Instructions for the task →
The lines to extract run from the first line of the entries through the line that contains "다나와의 마우스 항목."; reproduce exactly those lines and no others.

Data to examine →
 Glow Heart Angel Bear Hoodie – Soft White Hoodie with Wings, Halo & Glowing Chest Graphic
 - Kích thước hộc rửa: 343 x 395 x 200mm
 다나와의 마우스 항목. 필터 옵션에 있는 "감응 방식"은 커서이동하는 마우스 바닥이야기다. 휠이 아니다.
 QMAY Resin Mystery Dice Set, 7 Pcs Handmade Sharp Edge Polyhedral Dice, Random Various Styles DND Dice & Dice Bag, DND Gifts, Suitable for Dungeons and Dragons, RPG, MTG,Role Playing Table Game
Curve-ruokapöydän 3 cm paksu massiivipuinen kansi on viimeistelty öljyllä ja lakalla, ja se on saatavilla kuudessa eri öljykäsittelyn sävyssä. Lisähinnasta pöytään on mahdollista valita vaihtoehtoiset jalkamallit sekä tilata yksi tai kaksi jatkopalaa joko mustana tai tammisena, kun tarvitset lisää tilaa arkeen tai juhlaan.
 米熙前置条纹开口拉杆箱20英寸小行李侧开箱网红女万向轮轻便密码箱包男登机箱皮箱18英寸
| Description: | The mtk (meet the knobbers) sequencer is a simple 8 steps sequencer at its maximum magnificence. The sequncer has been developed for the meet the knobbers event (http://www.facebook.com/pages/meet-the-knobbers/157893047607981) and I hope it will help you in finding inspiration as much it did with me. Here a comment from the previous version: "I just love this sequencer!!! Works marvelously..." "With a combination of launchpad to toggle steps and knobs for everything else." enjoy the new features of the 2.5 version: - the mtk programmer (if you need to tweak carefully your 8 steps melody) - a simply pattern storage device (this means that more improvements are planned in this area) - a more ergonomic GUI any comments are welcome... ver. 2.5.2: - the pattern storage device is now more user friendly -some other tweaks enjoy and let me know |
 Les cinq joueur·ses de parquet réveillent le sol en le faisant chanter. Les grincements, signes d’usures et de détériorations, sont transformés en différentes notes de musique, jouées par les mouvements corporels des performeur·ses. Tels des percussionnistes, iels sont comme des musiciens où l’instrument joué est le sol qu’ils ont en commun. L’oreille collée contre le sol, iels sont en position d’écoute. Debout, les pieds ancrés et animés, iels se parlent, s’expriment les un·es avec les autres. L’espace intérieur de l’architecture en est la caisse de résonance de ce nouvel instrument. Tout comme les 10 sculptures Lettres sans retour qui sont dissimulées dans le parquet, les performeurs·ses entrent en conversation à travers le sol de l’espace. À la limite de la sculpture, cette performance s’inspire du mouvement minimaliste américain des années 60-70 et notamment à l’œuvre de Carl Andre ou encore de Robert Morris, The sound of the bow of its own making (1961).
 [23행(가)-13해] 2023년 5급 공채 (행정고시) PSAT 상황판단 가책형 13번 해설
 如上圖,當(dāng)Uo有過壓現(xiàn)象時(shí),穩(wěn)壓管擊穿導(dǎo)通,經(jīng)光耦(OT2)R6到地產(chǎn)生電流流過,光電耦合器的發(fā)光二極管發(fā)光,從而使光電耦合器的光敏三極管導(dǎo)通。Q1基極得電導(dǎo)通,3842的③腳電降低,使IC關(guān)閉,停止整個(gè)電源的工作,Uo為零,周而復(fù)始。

Completed exercise →
 Glow Heart Angel Bear Hoodie – Soft White Hoodie with Wings, Halo & Glowing Chest Graphic
 - Kích thước hộc rửa: 343 x 395 x 200mm
 다나와의 마우스 항목. 필터 옵션에 있는 "감응 방식"은 커서이동하는 마우스 바닥이야기다. 휠이 아니다.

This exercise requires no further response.